Japanese photographer (born 1942)

Kunié Sugiura (杉浦 邦恵, Sugiura Kunie) is a Japanese photographer, painter, and multimedia artist, living in New York City. In 2007 she won the Domestic Photographer Higashikawa Prize.

== Life and work ==
Sugiura was born in Nagoya, Japan. She moved to the United States in 1963 to study at the School of the Art Institute of Chicago where she received her B.F.A. in 1967.

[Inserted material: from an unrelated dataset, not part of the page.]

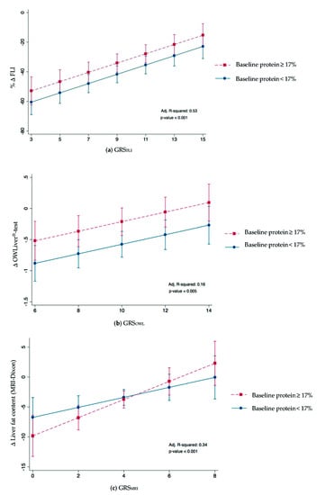 In addition, Figure 2A–C plot simple linear regression analyses of statistically significant predictors of FLI, OWLiver®-test and liver fat content (MRI) decrease by diet. A lower change in FLI and OWLiver®-test was associated with a higher baseline protein intake (p-value: 0.009 and 0.022, respectively). Moreover, this association became more important when the genetic risk was higher (Figure 2A,B). Figure 2C shows that a higher baseline protein was associated with a lower change of liver fat content (by MRI) becoming the effect more evident when the genetic risk was higher (p interaction: 0.017).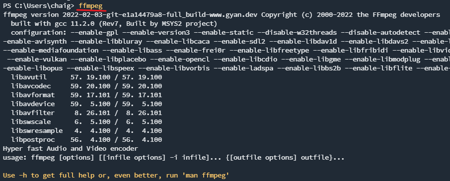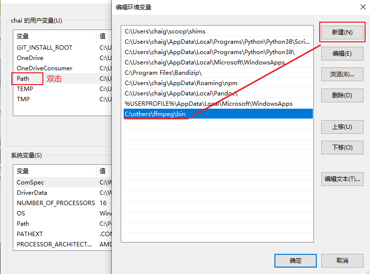 将刚才记住的存放路径粘贴到这里然后确定保存。接下来打开终端测试一下 ffmpeg 的命令看是否安装成功,如果命令识别出来则表示安装生效:

In the 1980s, she adopted the classic black-and-white photogram technique as a means for her artistic expression.

== Personal life ==
She lives and works in New York City.

== Publications ==
===Books by Sugiura===
- Dark Matters/Light Affairs. New York, NY: Arts Management, 2000. ISBN 9780295980386. With essays by Bill Arning and Joel Smith.
- Artists and Scientists. Nazraeli, 2007. ISBN 978-1-59005-190-0.

===Books with contributions by Sugiura===
- I'm So Happy You Are Here. New York: Aperture, 2024. ISBN 9781597115537. A piece on each of 25 Japanese women photographers.

== Awards ==
- Artist's Fellowship, New York Foundation for the Arts, 1998
- Domestic Photographer Prize, Higashikawa Prize, 2007

==Exhibitions==

===Solo exhibitions===
- Warren Benedek Gallery, New York City, 1972
- Dark Matters / Light Affairs, University of California, Davis, 2001
- Time Emit, Visual Arts Center of New Jersey, New Jersey, 2008
- Sugiura Kunié: Aspiring Experiments: New York in 50 Years, Tokyo Photographic Art Museum, 2018

===Group exhibitions===
- Vision and Expression, George Eastman House, Rochester, New York, 1969
- "Sex & Nature" were included in the Annual Exhibition of Painting, Whitney Museum of American Art, 1972

==Collections==
Sugiura's work is held in the following permanent collections:
- Denver Art Museum
- Hirshhorn Museum and Sculpture Garden, Smithsonian Institution, Washington, D.C.